Артур стоял у самого края большой платформы, нависавшей над ровными рядами яйцеобразных инкубаторов, и пытался вникнуть в речь одного из лаборантов. А тот, словно нарочно, сыпал специфической терминологией и не делал поблажек, что стоявший перед ним Хант имел лишь общие познания о геноме. Здоровый минимум, который в Академии считали достаточным, чтобы отличать живорождённых от селективных. Артур скосил взгляд на своего сопровождающего и нахмурился.

Молодой парнишка лет двадцати был носителем отборного гена, неплохих способностей, но, похоже, отчаянно волновался. Из-за этого каждое его новое предложение начиналось с утомительного «так вот», после чего шла очередная зубодробительная формулировка. Хотелось дать лаборанту хорошенький подзатыльник и заставить говорить по-человечески, но Хант не мог. Как бы ему ни хотелось, это было непрофессионально, а значит, придётся слушать этого индивида, пока тот не выдохнется.

Чёрт!

Ему нужна Мэй. Вот прямо сейчас. Сию же минуту. Уж она бы наверняка сразу отделила ядро смысла от выспренней болтовни. У этой девчонки вообще страсть к прямолинейности.

Артур криво улыбнулся, едва ли не впервые осознанно радуясь почти приросшей к лицу маске. Да, Мэй была бы сейчас как нельзя кстати. Однако та до сих пор не появилась, и где-то на краю сознания мелькнула тревожная мысль, что следовало бы дождаться её, прежде чем принимать окончательное решение, но Хант лишь пожал плечами. Время вышло, и очередные попытки бегать за Мэй, вызвали бы новые вопросы у Канцлера. Артур поморщился от воспоминаний об утреннем разговоре и попытался сосредоточиться на словах этого… этого… Чёрт. Как его звали?

Он так и не вспомнил. А тем временем лаборант повёл его в следующее помещение, откуда открывался потрясающий вид на большой зал, заполненный нежно-розовым свечением. Хант на мгновение задержал дыхание, а потом огляделся.

Больше всего Генетическая Ферма напоминала поле цветов. То, каким его изображали на картинках в той приснопамятной галерее Суприма – ровное, почти бескрайнее, чья далёкая часть сливалась в единый оттенок. Индикации у заполненных капсул нежно мерцали, и в полумраке одного из «зубов» Ханту казалось, что они едва заметно качаются будто бы на волнах. Здесь было тепло. Даже жарко. Так было легче поддерживать нужную температуру для эмбрионов, и Артур невольно повёл плечами, чувствуя, как липнет к шее жёсткий ворот защиты.

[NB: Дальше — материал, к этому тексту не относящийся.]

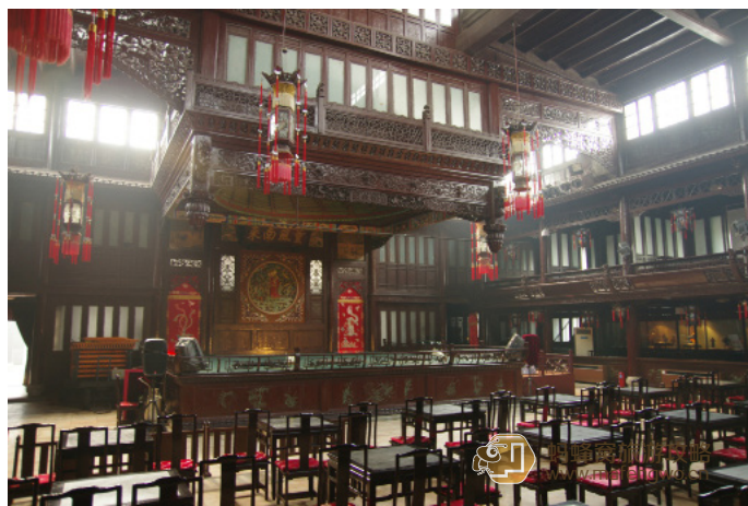
冷香 戏楼是广东会馆的主要建筑

地址：天津市南开区南门里大街 31 号 费用：门票 10 元 / 人（学生半价） 联系方式：022-27273443 开放时间：9:00-11:30，14:00-16:30 到达交通：乘 15、161、168、611 快车、635、657、693、840、855、863、865、便民 61 路等公交车在鼓楼站下车即到 用时参考：1-2 小时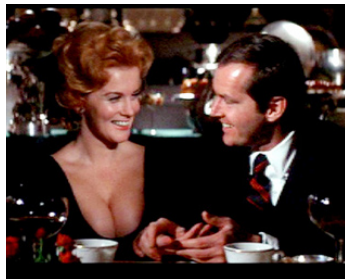
1971 CE PLAISIR QU'ON DIT CHARNEL (Carnal Knowledge) de M. Nichols avec Ann-Margret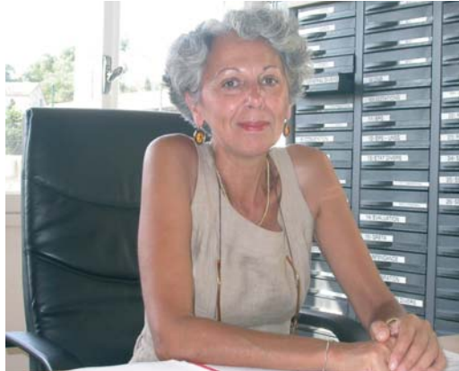
M me le Principal prend possession de son bureau

C'est pour lui une responsabilité pleine et entière, il était jusqu'alors, Proviseur adjoint à Narbonne.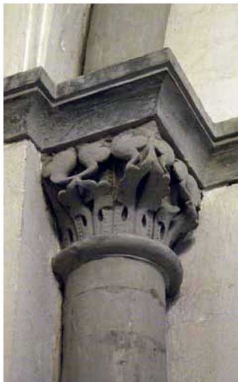
4. att. Lipšates Lielās Marijas baznīca. Interjera kapitelis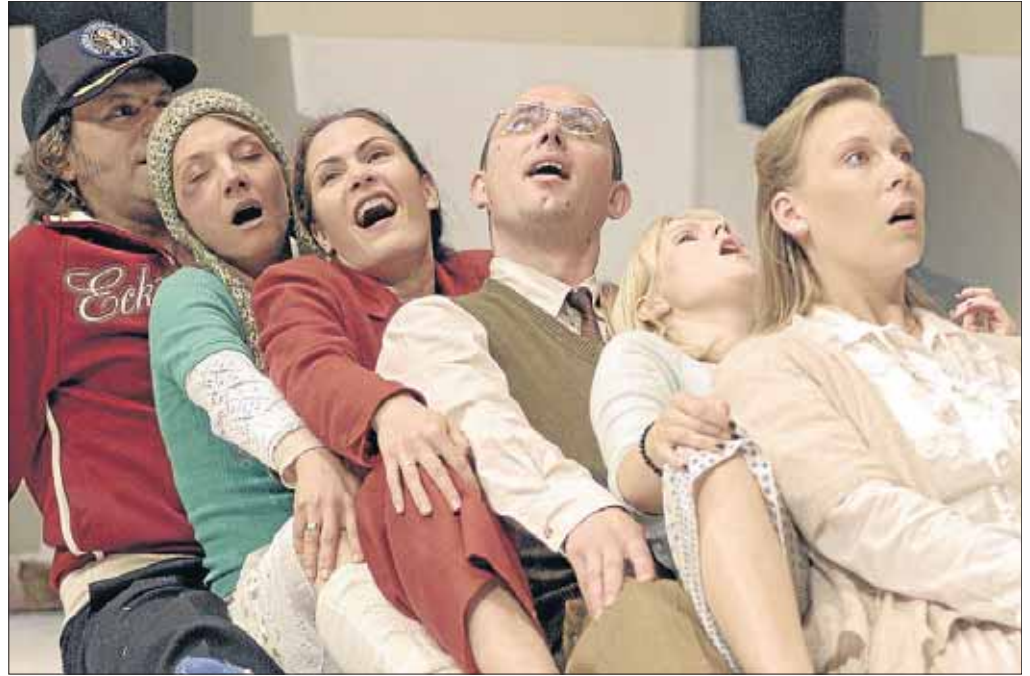
Theater „Wie im Himmel“ – nach einem schwedischen Kultfilm von Kay Pollak.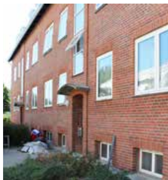
Rødovre Boligselskab, Rødovre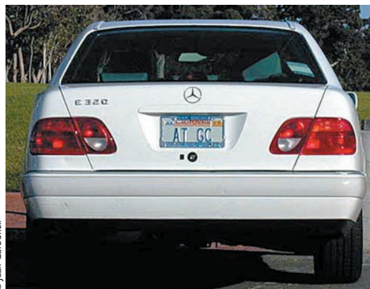
Fotografia de la matrícula del coche de Francis Crick. Fixeu-vos en les lletres i el seu ordre!

Francis Crick ens va proporcionar un punt de vista més "reposat" sobre la gènesi del model de la doble hèlix i sobre les investigacions immediates a què va donar lloc (Crick, 1990). El 1950, l'interès dels químicofísics se centrava a desvelar l'estructura de les proteïnes, ja que, en general, es creia que constituïen les molècules bàsiques per a la transmissió de la informació genètica. Entre els laboratoris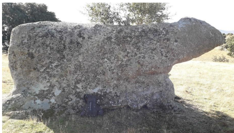
Toro de Menasalbas

El que nos vamos a encontrar, podría corresponder a la forma y tamaño de un toro, aunque la palabra verraco significa “cerdo padre”. Sus dimensiones son de 5 metros de longitud, 2,5 metros de altura en la cabeza, 2 metros de altura en el lomo y 0,90 metros de ancho, este volumen le convierten en un animal grandioso.

– Так вот, мы можем подобрать вам ряд образцов из тех, что сейчас находятся в стазисе.

– Мне нужно полное совпадение по всем параметрам, чтобы исключить возможность спонтанных мутаций или нарушений генома.

– Мы сделаем. – Молодой человек подобострастно склонил голову, и Хант мысленно скривился.

– В прошлый раз, вы тоже обещали, что проблем не будет. – Артур перевёл взгляд с побледневшего лица на видневшиеся под ногами капсулы с эмбрионами. Интересно, сколько из них будет предателей?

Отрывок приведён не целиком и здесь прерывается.